DATA RECORDS>

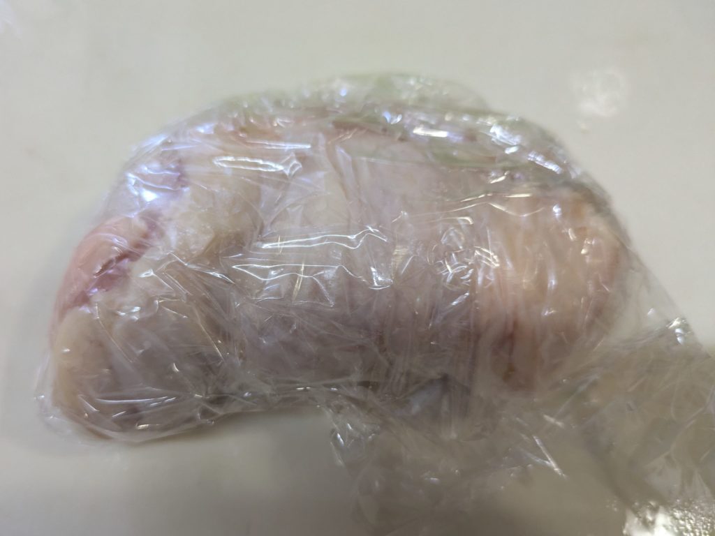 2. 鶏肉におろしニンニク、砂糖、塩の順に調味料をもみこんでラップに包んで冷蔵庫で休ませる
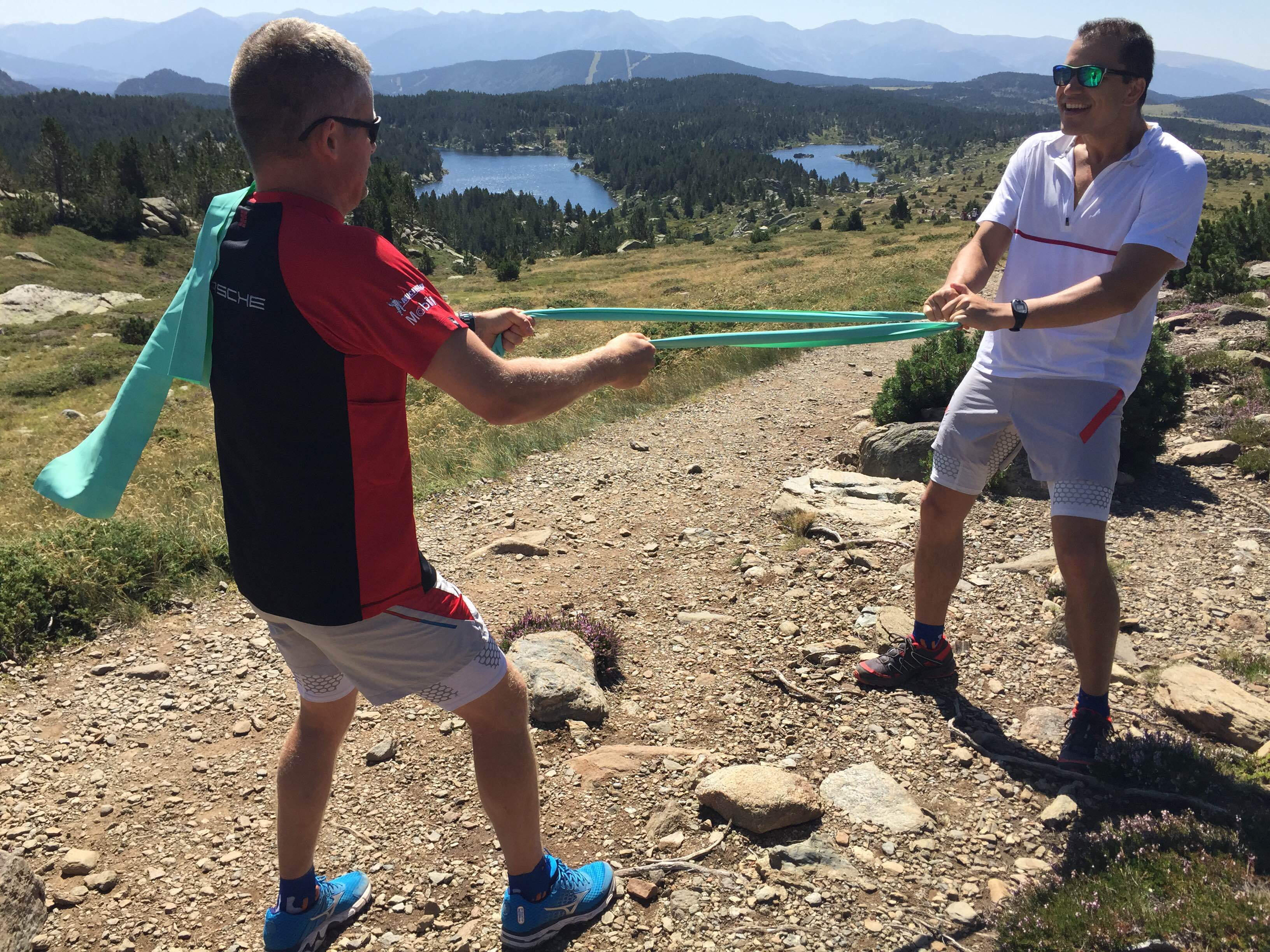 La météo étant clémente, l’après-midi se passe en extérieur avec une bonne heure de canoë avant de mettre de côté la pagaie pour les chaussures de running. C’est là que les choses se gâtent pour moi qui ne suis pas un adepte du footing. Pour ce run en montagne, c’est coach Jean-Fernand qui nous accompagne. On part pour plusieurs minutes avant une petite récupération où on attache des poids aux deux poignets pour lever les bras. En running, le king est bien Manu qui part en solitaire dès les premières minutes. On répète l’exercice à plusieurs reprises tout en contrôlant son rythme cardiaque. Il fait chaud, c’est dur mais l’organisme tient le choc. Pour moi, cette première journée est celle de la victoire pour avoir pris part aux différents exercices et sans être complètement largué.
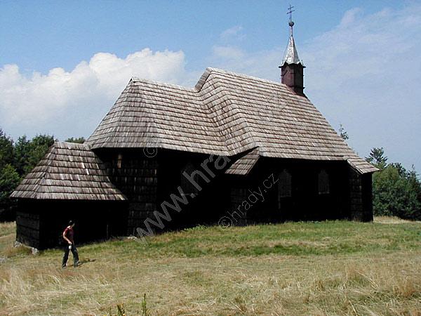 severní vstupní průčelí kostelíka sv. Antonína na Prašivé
==
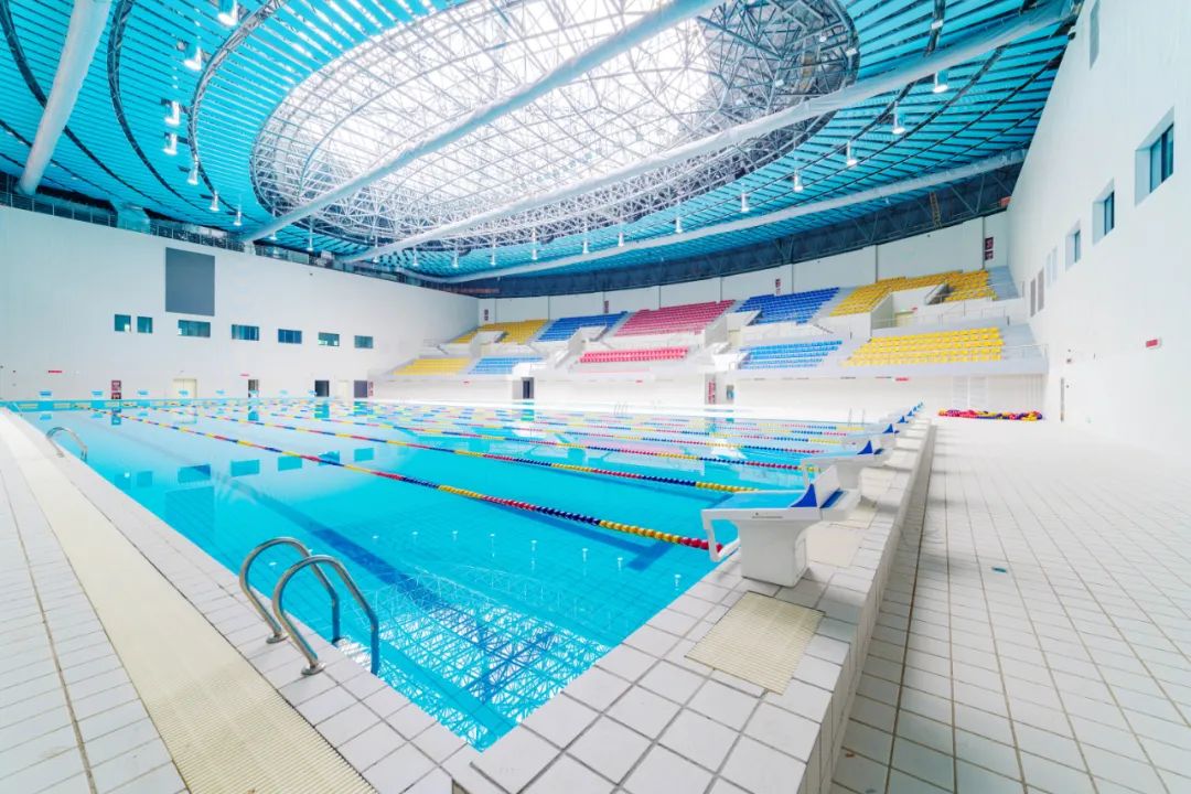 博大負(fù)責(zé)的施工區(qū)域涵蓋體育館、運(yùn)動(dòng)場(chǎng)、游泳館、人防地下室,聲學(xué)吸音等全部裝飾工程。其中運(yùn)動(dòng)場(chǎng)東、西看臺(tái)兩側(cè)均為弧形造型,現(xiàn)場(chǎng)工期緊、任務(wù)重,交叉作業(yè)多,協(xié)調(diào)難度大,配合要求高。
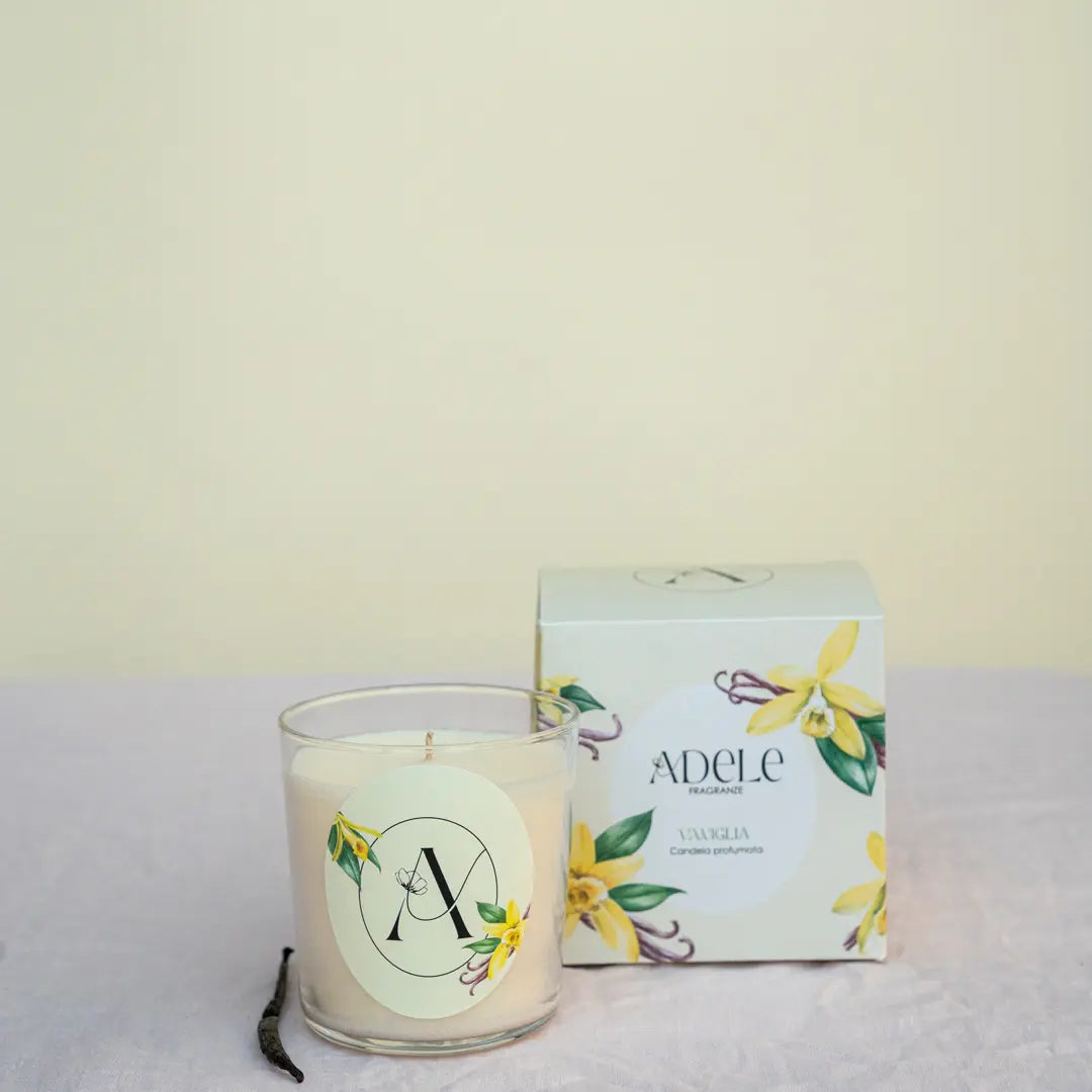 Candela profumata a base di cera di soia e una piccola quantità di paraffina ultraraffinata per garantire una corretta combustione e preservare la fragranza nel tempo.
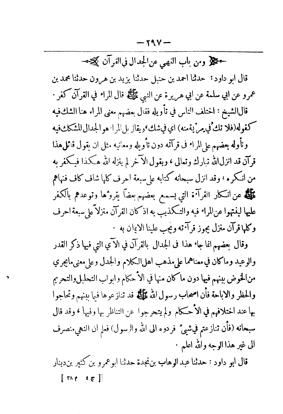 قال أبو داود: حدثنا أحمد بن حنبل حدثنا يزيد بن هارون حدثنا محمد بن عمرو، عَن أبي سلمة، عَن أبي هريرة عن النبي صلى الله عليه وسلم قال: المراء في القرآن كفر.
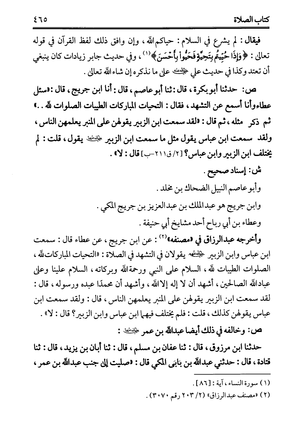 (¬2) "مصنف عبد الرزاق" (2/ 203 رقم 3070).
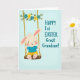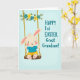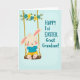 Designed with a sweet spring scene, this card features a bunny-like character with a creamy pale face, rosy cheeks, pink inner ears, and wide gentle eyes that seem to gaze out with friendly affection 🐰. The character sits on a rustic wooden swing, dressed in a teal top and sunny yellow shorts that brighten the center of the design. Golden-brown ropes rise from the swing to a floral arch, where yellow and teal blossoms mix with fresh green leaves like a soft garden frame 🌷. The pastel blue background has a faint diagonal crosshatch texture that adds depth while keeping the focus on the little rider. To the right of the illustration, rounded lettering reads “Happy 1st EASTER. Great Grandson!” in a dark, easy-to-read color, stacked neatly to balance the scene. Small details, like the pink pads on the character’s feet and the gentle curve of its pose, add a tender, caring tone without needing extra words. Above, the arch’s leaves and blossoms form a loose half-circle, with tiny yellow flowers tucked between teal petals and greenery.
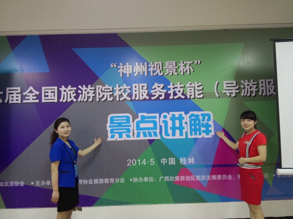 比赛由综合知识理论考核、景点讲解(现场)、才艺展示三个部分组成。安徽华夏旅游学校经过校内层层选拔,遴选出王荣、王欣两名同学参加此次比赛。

TASK PROMPT> Return the material from the line containing "203 رقم 3070)." through the line containing "比赛由综合知识理论考核、景点", exactly and in full, but without its pictures.

ANSWER SPACE>
 (¬2) "مصنف عبد الرزاق" (2/ 203 رقم 3070).
 Designed with a sweet spring scene, this card features a bunny-like character with a creamy pale face, rosy cheeks, pink inner ears, and wide gentle eyes that seem to gaze out with friendly affection 🐰. The character sits on a rustic wooden swing, dressed in a teal top and sunny yellow shorts that brighten the center of the design. Golden-brown ropes rise from the swing to a floral arch, where yellow and teal blossoms mix with fresh green leaves like a soft garden frame 🌷. The pastel blue background has a faint diagonal crosshatch texture that adds depth while keeping the focus on the little rider. To the right of the illustration, rounded lettering reads “Happy 1st EASTER. Great Grandson!” in a dark, easy-to-read color, stacked neatly to balance the scene. Small details, like the pink pads on the character’s feet and the gentle curve of its pose, add a tender, caring tone without needing extra words. Above, the arch’s leaves and blossoms form a loose half-circle, with tiny yellow flowers tucked between teal petals and greenery.
 比赛由综合知识理论考核、景点讲解(现场)、才艺展示三个部分组成。安徽华夏旅游学校经过校内层层选拔,遴选出王荣、王欣两名同学参加此次比赛。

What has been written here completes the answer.